I’m not going to reiterate the articles I noted above (I just found more at BuzzFeed)
My response to this article is quite simple. In life, a small handful of people rise to the top in their selected fields. They rise to the top because a few key ingredients:
a) they’re driven
b) they’re talented
c) they have the right connections
d) any combination of the above
This equation applies to the world of blogging and online journalism as much as it does any other ‘professional’ field. Some people like to dismiss blogging because it has an amateur connotation associated with it. Fuck these people.
Example:
I read Daring Fireball daily. Jon Gruber is an excellent writer …and researcher …and thinker. I don’t distinguish him as any less professional than any of the news sources his routinely tears down even though it would be easy to regard him as just a blogger.

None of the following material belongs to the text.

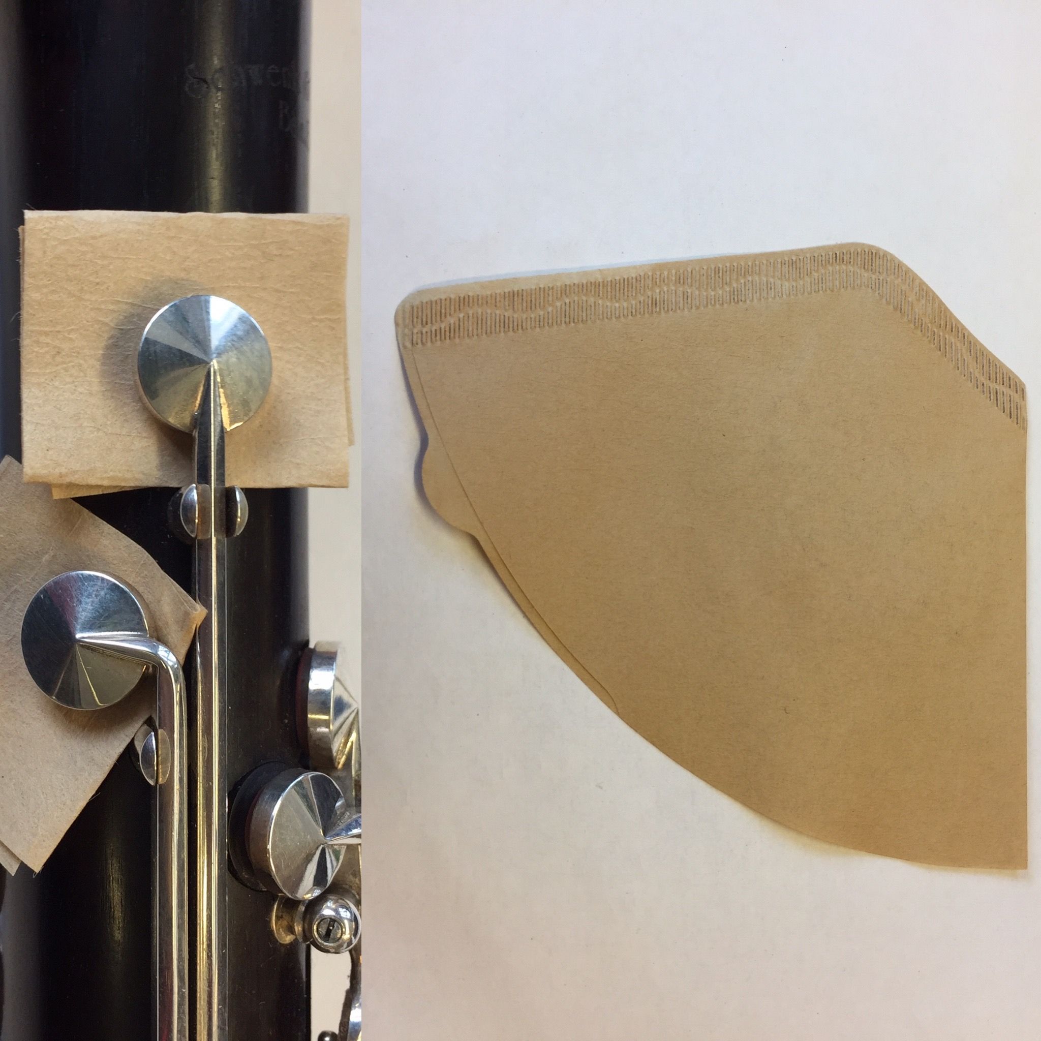 - During breaks and after playing, dismantle the instrument and remove moisture from the bore and tone holes (blow out). We also recommend clamping paper (e.g. for coffee filters or cigarettes) between the pad and the tone hole. This allows the body to dry out slowly and prevents moisture build-up around the tone hole.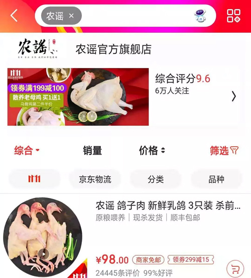 來(lái)源: 冷凍食品網(wǎng) 發(fā)布者:李雋從淘寶、天貓、1號(hào)店,再到京東生鮮,楊勇和他的“農(nóng)謠”新鮮乳鴿在每一個(gè)平臺(tái)上都名列前茅。

Ironically, he routinely points out all the inaccuracies and fallacies in the “real journalists'” articles (for a taste of his asshole-ripping, check out, How Leander Kahney Got Everything Wrong by Being an Irredeemable Jackass).
Robert Scoble is another great example. Even before he was associated with FastCompany he was a popular blogger. He personally drives me nuts and his head is waaaaay too big, but it’s very, very evident why he is where he is today – drive. Dismiss him as a jackass all you want, but he loves what he does (and he loves himself). Ego has a lot to do with where you end up in life.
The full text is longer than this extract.